Training for Afghanistan

An observer controller/trainer, top left, from 1st Battalion, 351st Aviation Regiment, 166th Aviation Brigade, Division West, ensures that soldiers of Bravo Company, 1st Battalion, 8th Cavalry, 2nd Brigade Combat Team, 1st Cavalry Division, are secure aboard a Chinook helicopter prior to taking off on an air movement operation at Fort Hood, in September. The 166th Aviation Brigade recently trained the Chinook unit, the California Army National Guard’s Bravo Company, 1st Battalion, 126th Aviation Regiment, for a deployment to Afghanistan.

U.S. Army/Sgt. 1st Class Gail Braymen

The California Army National Guard’s Bravo Company, 1st Battalion, 126th Aviation Regiment, one of the oldest Chinook helicopter units in the Army, is no stranger to Afghanistan.

The unit deployed to Regional Command-East five years ago, and all of the unit’s pilots-in-command and flight engineers either were on that deployment or had previously deployed to Afghanistan while on active duty.

Although the unit from Stockton, Calif., has ample experience with Afghanistan, they recently mobilized to Fort Hood for the first time.

“It’s a lot different to deploy in the Guard than in active duty,” said the Schooner’s tactical operations officer, Chief Warrant Officer-3 Lucas Eggers.

Before mobilizing at Fort Hood to be trained by Division West’s 166th Aviation Brigade, the Schooners conducted three two-week training exercises focusing on pre-deployment training tasks at Camp Roberts in California. This enabled them to focus specifically on flight training in Texas. In fact, the group amassed more than 400 flight hours, including more than 150 hours of night flying, at Fort Hood.

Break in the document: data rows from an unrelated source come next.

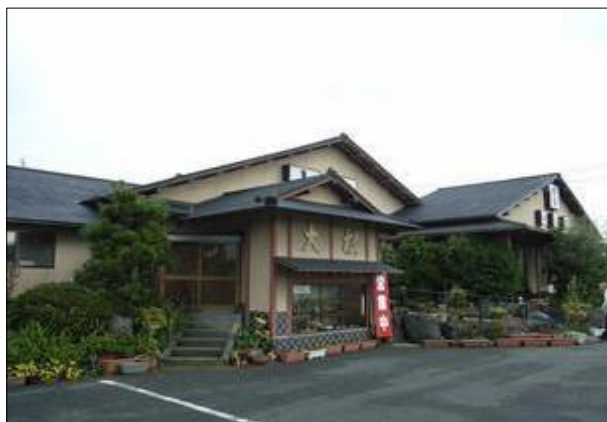
By : breeze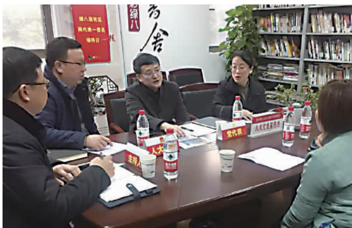
代表委员们与居民互动交流

针对居民们反映的“美丽家园”二次供水设施改造项目、小区智能安防建设、仙霞西路路段标线设置等问题和建议,代表委员们与居民积极互动交流,不时询问,耐心解答,并通过工作信笺方式反馈至区、镇相关部门,争取“件件有落实、事事有回音”。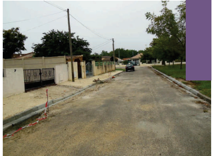
Travaux voirie au lotissement Pédesclaux

Afin d'améliorer la sécurité et le cadre de vie du lotissement Pédesclaux, la Mairie a retenu la Société C2TP qui réalise la réfection de la voirie, des trottoirs et bordures. Les deux aires de verdure sont également reprises dans leur ensemble. Le chantier a débuté mi-juillet et sera terminé fin octobre. Le montant des travaux s'élève à 98274,12 €.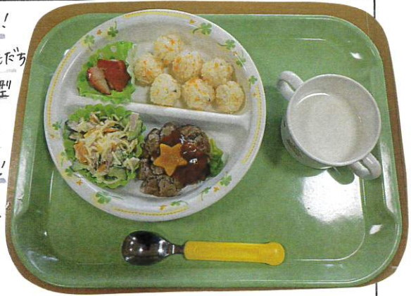
今日の給食!! 誕生日見のおともだちの給食には星型のにんじんが入っています!! うれいね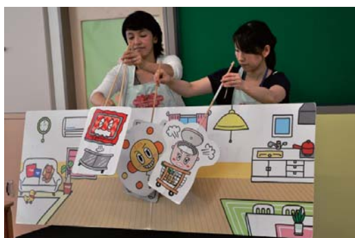
エコ・マザー活動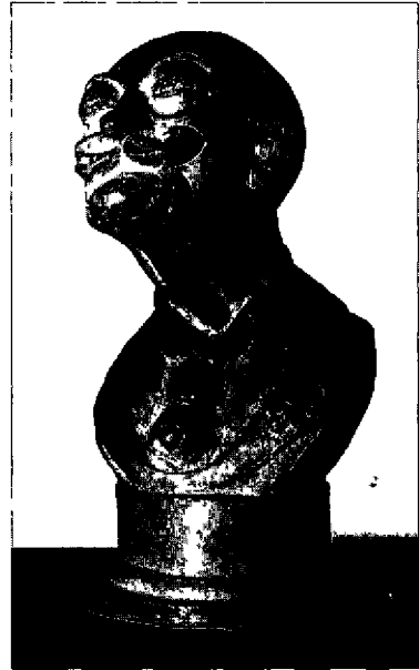
Borstbeeldje van Adolphe MAX, bewaard op het Stadsarchief van Brussel.

Onder zijn ambtsperiode werd ondermeer de Natiënlaan (nu de Franklin Rooseveltlaan) aangelegd (1920). De Koloniënstraat werd aangelegd en de straten en huizen op het traject van de Noord-Zuidverbinding verdwenen onder de slopershamer. De werken voor de Noord-Zuidverbinding waren gestart. Het Paleis voor Schone Kunsten van architect Victor Horta werd voltooid (1928) en het havendok werd gedumpd, zodat de nieuwe IJzerwijk ontstond (1911). Het Sint-Pietersziekenhuis werd gemoderniseerd (1920) en het Brugmannziekenhuis werd geopend (1923). De voorhaven werd opgericht (1920) en Brussel-Zeehaven werd geopend (1922). Dit betekende een nieuwe sterke economische troef voor Brussel. De Heyzelhoogvlakte werd geurbaniseerd en vooral het gedeelte gelegen tussen de Houba de Strooperlaan en het Universitaire Ziekenhuis Brugmann (1930).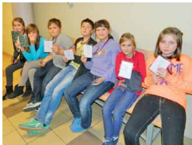
Uczniowie z Mastek pod salą wykładową Politechniki Łódzkiej.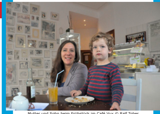
Mutter und Sohn beim Frühstück im Café Vux

Tourist Guide liegt aus: Nachdem es durch technische Probleme bei der Produktion zu einer Verzögerung des Drucks gekommen war, liegt der aufwendig gestaltete Tourist Guide jetzt für Sie bereit. Sie finden unsere Broschüre, die auf vier Touren abseits des Mainstreams durch Nord-Neukölln führt, z.B. im Prospektständer der [Aktion! Karl-Marx-Straße] im Untergeschoss des Saalbaus Neukölln, im NIC – Neukölln Info Center im Haupteingang des Rathauses Neukölln, im Hotel Kari-buni oder im Rixpack Hostel. Die PDF-Variante zum Download steht weiterhin unter → www.aktion-kms.de/tourist-guide/ zur Verfügung.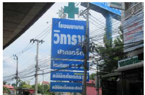
ตัวอย่างป้ายที่ต้องเสียภาษี

หากในกรณีที่ไม่มีผู้มาขึ้นแบบแสดงรายการภาษีป้าย หรือเจ้าหน้าที่ไม่สามารถติดต่อหรือหาตัวเจ้าของป้ายได้ ให้ถือว่าผู้ครอบครองป้ายมีหน้าที่เสียภาษีป้าย แต่ถ้าหาตัวผู้ครอบครองป้ายไม่ได้ เจ้าของหรือผู้ครอบครองที่ดินที่ติดตั้งป้ายจะต้องเป็นผู้เสียภาษีป้ายแทน ตามลำดับที่กล่าวมา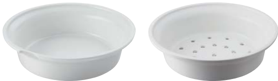
Inserts Inserts P.134

Revol a créé deux inserts, l'un pour la cuisson vapeur, l'autre pour le bain marie pour ne pas que vos préparations séchent ou brûlent en restant sur le buffet durant le service. Ainsi chaque recette peut préserver son authenticité et ne pas s'altérer.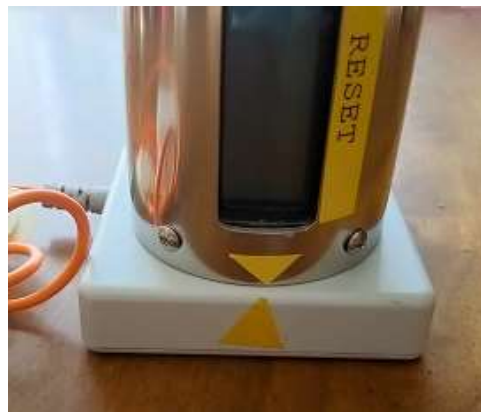
図 6 マーカーに合わせる

充電が始まると、赤色の充電表示灯が点灯します。 電池が満充電になった、もしくは、20時間後に緩やかな充電になりますと、充電表示灯は点滅に変わります。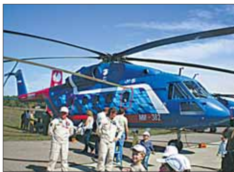
Ми-38 - новейший люберецкий вертолёт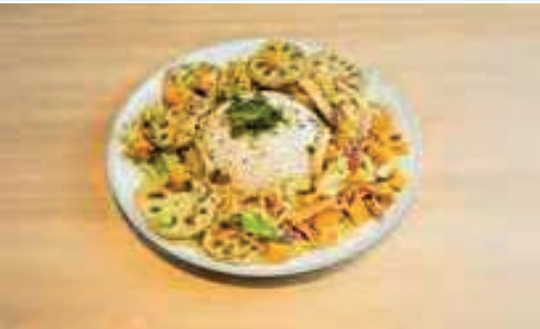
Curry Verde Thai con Verduras Salteadas Thai Green Curry with Mixed Vegetables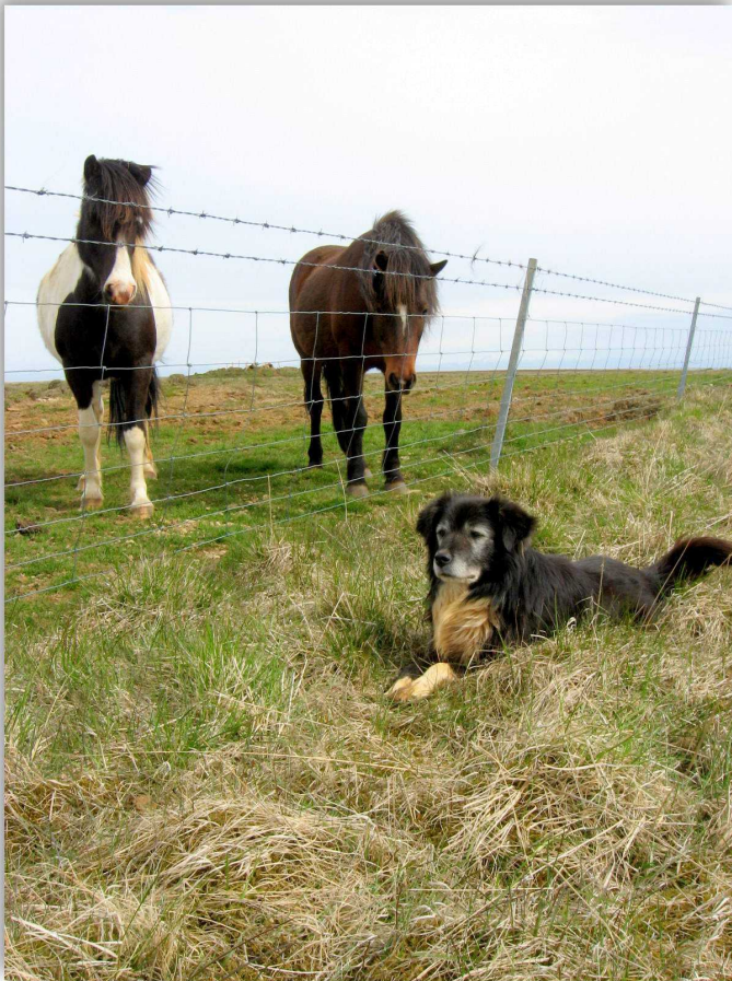
Suolet ry:n jäsenlehti Kevät 2016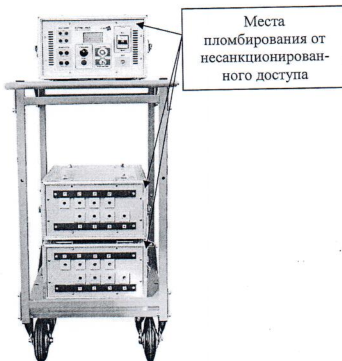
Рисунок 1 – Общий вид установок и места пломбирования от несанкционированного доступа

Для предотвращения несанкционированного доступа к внутренним частям блоков установок предусмотрены голографические наклейки. Общий вид установок и места пломбирования от несанкционированного доступа (места нанесения голографических наклеек) представлены на рисунке 1.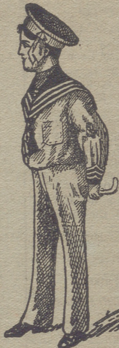
50 modelos diferentes en trajecitos de niños, en paño, vicuñas, gergas y panas. Estos dos modelos son los últimos recibidos para la temporada.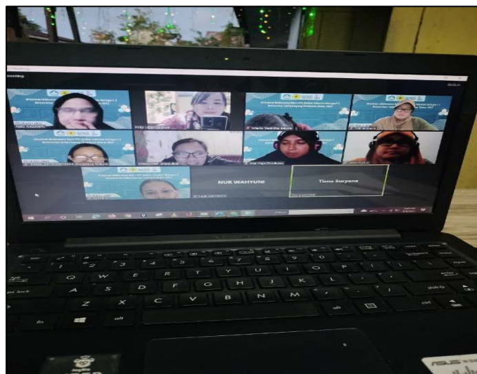
Gambar 1. Narasumber menjeaskan tentang power point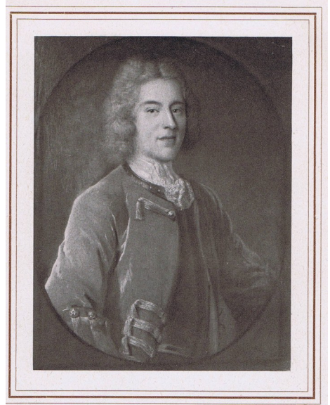
Zinzendorf som 20 årig ung mand. Billedet stammer fra et oliemaleri fra 1720

Zinzendorfs dagbog indeholder mange udtryk for hans strenge pietistiske livssyn: ” I dag har jeg leet rigelig meget og sammen med disse herrer gjort mig lystig over andre, hvilken stor forseelse Gud må tilgive mig! ” ” Jeg tilbragte resten af dagen med at sørge over kristenhedens forfald, at man på sabbatten ikke tjener Gud, men Satan, med frådseri og svir og usømmelige taler. ” Han satte sig for, at han ville bede mindst 12 gange om dagen for at blive i stadig forbindelse med Gud. Om søndagen fastede han og modtog ikke besøg for at kunne bruge dagen til bøn.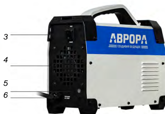
Рис.2 Задняя панель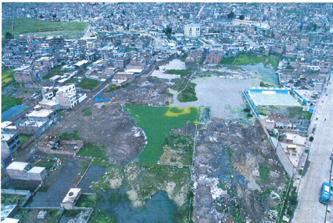
Imagen 06 – Inundación del Rio Torococha – centro urbano de la ciudad de Juliaca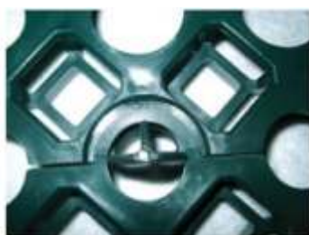
Punto di giunzione e fissaggio tra lastre.

Prima di procedere alla semina si consiglia di irrigare abbondantemente a pioggia la pavimentazione. Terminata la fase di semina è opportuno procedere ad un'adeguata concimazione e a frequenti irrigazioni fino alla formazione completa del tappeto erboso. In presenza della giusta umidità, il terriccio di riempimento degli alveoli si abbassa di circa 1-1,5 cm lasciando all'erba lo spazio per svilupparsi, senza essere danneggiata dal transito.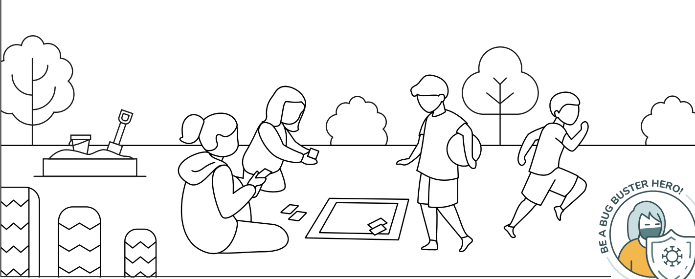
ጠቅላይ ልዩ ልዩ ጥረት ለማሻሻል ለሚደረግበት ስራ ላይ ለሚሳተፉት ሰው ልዩ ልዩ ጥረት ይደረጋል።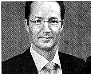
Lambert T. Koch ist Rektor der Bergischen Universität Wuppertal

Vieles spricht dafür, dass die Zukunft der deutschen Universität nur erfolgreich werden kann, wenn man wieder mehr dem Prinzip der Subsidiarität folgt. Nach diesem Prinzip sollte nur so viel auf höhere Regelungsebenen verlagert werden, wie Zielen und Zwecken – in diesem Fall jenen der Wissenschaft – zugutekommt. In der Umsetzung dieses Postulats müssen sich aus vielerlei Gründen nicht zuletzt auch Wissenschaft und Wirtschaft in einer vernünftigen Weise begegnen können. Hetzkampagnen gegen Unternehmerisches und Ökonomisches im Hochschulbereich helfen dabei wenig.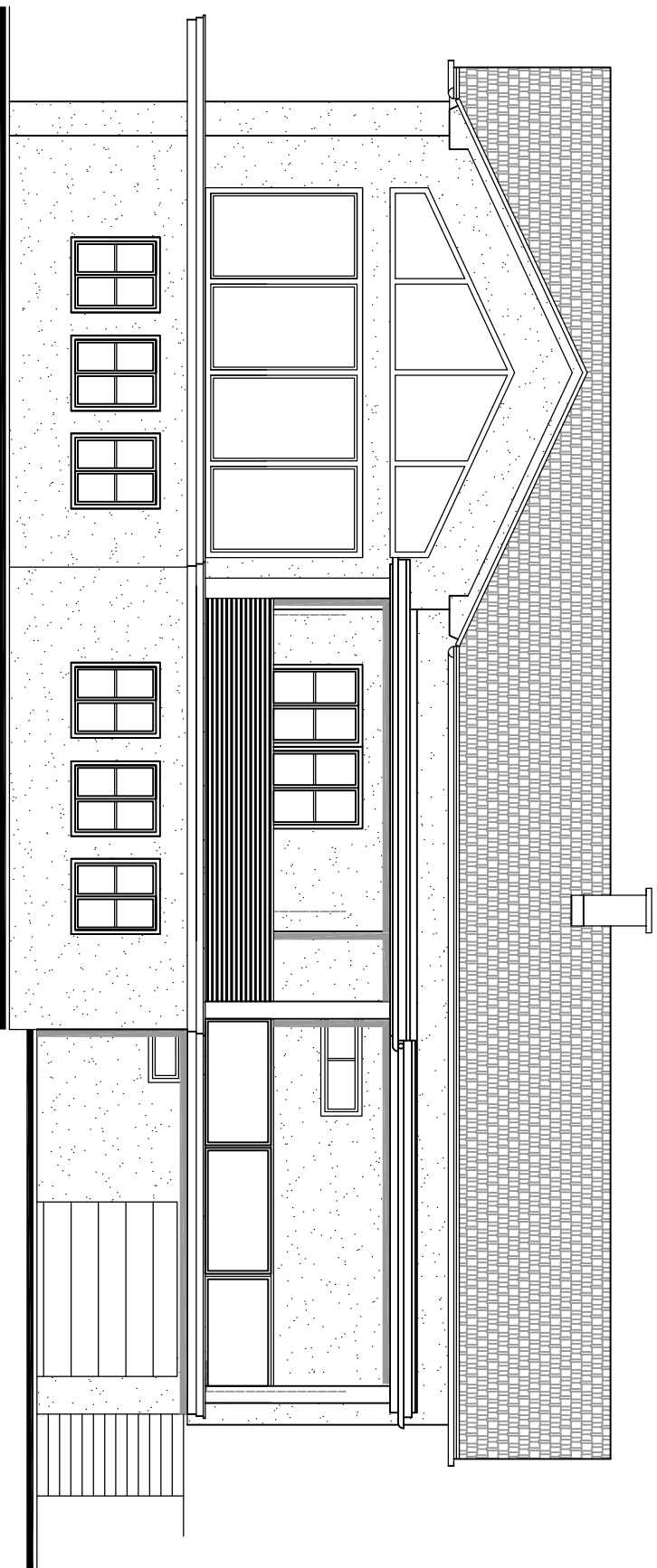
Ansicht Süden Mst 1:100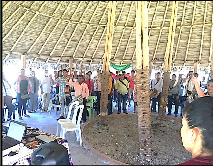
Asamblea ampliada de autoridades 18 de enero 2020.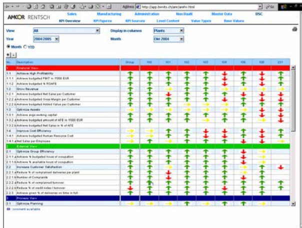
Balanced Scorecard im Controlling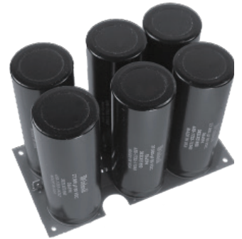
6個の新大型メインフィルターコンデンサー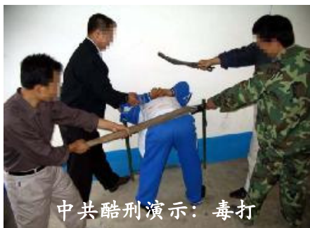
中共酷刑演示：毒打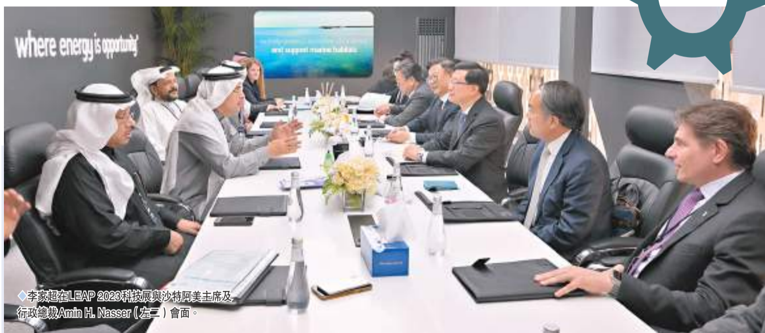
李家超在LEAP 2023科技展與沙特阿美主席及行政總裁Amin H. Nasser（左三）會面。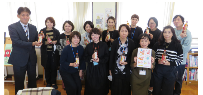
④整理棚を設置し、仕分けに協力してもらおう ⑤昨年10月にはベルマーク預金でパドミントンラケットを購入 ⑥PTA文化部の皆さん。後列左は長町校長。キリンビバレッジの「生茶 ほうじ煎茶」を持って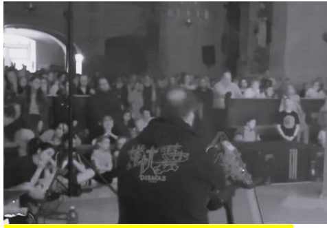
Foto: LUMEN Trnava 7.6.2024 pred polnocou počas svedectva a adorácie v kostole sv. Jakuba.

domov za svojimi priateľmi, za svojou láskou (chlapom). Myslel som si, že budem s ním žiť. O pár mesiacov na to mi zvonil telefón, po anglicky mi hovorí, sestra má nádor na mozgu, ktorý jej praskol, zober rodičov a príď sa s ňou rozlúčiť. Lebo nevedia doktori, čo s ňou bude. Ja som v tej chvíli nevedel, čo mám robiť. Modlil som sa. Ja budem radšej sám, ale zachráň mi sestru. Sestra nakoniec prežila a ja som sa ako 21 ročný rozišiel a odišiel z tohto vzťahu a začal som žiť sviatostne (svätá spoveď a Eucharistia - sviatosť prijímania). Vrátil som sa ku koreňom, kedy som ministroval. Nebola to ľahká cesta. Teraz mám tri krásne deti a štvrté na ceste. A som šťastný človek s mojou drahou manželkou. Uverte! Urobte to rozhodnutie zmeniť svoje zmýšľanie. Dnes sa modlím za vás.“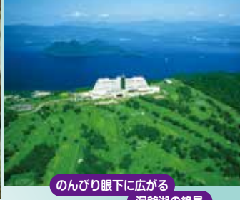
のんびり眼下に広がる 洞爺湖の絶景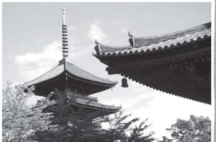
東寺 金堂から見る五重塔

空海が十年の歳月を費やして完成させた 講堂 の中には 立体曼荼羅 。日本一の高さを誇る 五十五メートルの五重塔 。国宝 大師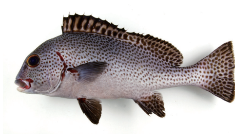
Fig. 10. Fresh specimen of Plectorhinchus picus from Kagoshima Prefecture (KAUM-I. 29625, 284.7 mm SL).

分布 アフリカ東岸からポリネシア, オーストラリアから南日本までのインド・太平洋に広く分布する (McKay, 2001). 国内では八丈島 (Senou et al., 2002), 小笠原, 南日本に分布 (島田, 2000; 財団法人鹿児島市水族館公社, 2008). 鹿児島県内では標本に基づき大隅諸島から確認された (本研究).

Much of the Schooner’s flight preparations focused on both individual as well as collective flight training, particularly air assault missions. The focus on individual training was the result of two of their senior flight engineers, including their first sergeant, being unable to deploy because of medical reasons in the week prior to mobilization.

Despite the challenges, the Schooners rose to the occasion and quickly advanced several members of the team to fill out 12 fully mission-qualified crews.

First Sgt. Jeff Stanfield, who met the unit at Fort Hood one week after the rest of the unit, was glad to have the opportunity to assist the group. “Luckily, I’m already part of the family,” Stanfield said.

After several days of initial inprocessing and deployment readiness activities, the Schooners began their flight training with local area orientations and then began individual readiness level progression training, maximizing their training by supporting III Corps units.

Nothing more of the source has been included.